The most well-preserved pottery from the Stone Age ever found in Norway has turned up in an unspoiled dwelling site not far from Kristiansand. The find is considered an archaeological sensation.
The discovery of a “sealed” Stone Age house site from 3500 BC has stirred great excitement among archaeologists from Norway’s Museum of Cultural History at the University in Oslo. The settlement site at Hamresanden, close to Kristiansand’s airport at Kjevik in Southern Norway, looks like it was covered by a sandstorm, possibly in the course of a few hours.
The catastrophe for the Stone Age occupants has given archaeologists an untouched “mini-Pompeii,” containing both whole and reparable pots.
“This is the first time we’ve made a find like this in Norway,” the spokesperson for the Hamresanden excavation, assistant professor Håkon Glørstad, told newspaper Aftenposten.
“Usually, clay pots from this period, which we call traktbegerkulturen, (literally, “the funnel beaker culture”) are broken and in tiny pieces,” Glørstad said. “Here we find them almost intact.

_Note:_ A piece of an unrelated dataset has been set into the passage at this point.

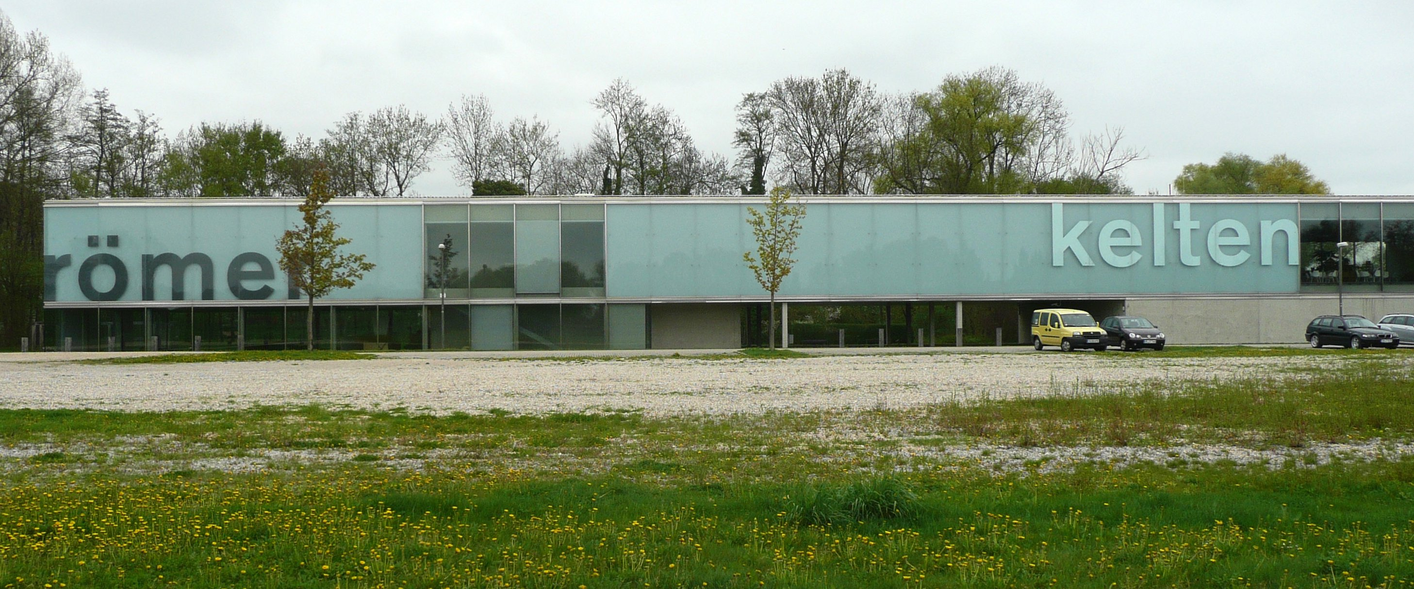 The kelten römer museum manching in Manching, seen from S.

One entirely complete vessel, 25 to 30 cm deep, with a 35-cm diameter at the rim, has been taken out of the ground packed in its clod of soil.”
Glørstad it will be “carefully and finally stripped of the last of the earth, in about the same way that one uncovers a dinosaur skeleton.” He added that the team working on the site at Hamresanden has discovered so many large shards of pottery that they think they can put together as many as eight beaker-shaped vessels.
“This is an archaeological sensation,” Glørstad claimed.
The dwelling site lies 11 meters over sea level today, but was at the water’s edge 5,500 years ago. The find is located at the modern Hamresanden camping site, some 70 to 80 meters from today’s shoreline.
Excavations were started prior to building retirement homes on the land. The discoveries were made at a depth of two meters below ground. So far around 300 square meters have been excavated, resulting in the need to transport enormous amounts of soil.
“During this period, Norway was much drier than today, and sandstorms were far from rare, as various strata of sand deposits at the site show,” Glørstad told Aftenposten. “Last year’s pilot survey suggested that we might find something here. The site is ideally situated for a coastal settlement, next to the mouth of a river of significant proportions.”
He said the archaeologists have also found as many as 20 arrowheads and tailings from tool production, including “complete wooden artifacts.”
The excavations at Hamresanden may yield new information not only about this particular site, but also about how the shoreline has changed in this part of Southern Norway. When this site was inhabited, it was nine meters lower than today, while the Oslo area was 37 meters lower in the same period, since the innland regions were weighed down further under the weight of ice from the Ice Age.
“As the sea level was even lower in times preceding this, we can expect to find much older dwelling sites under water in the same area,” says Glørstad to Aftenposten.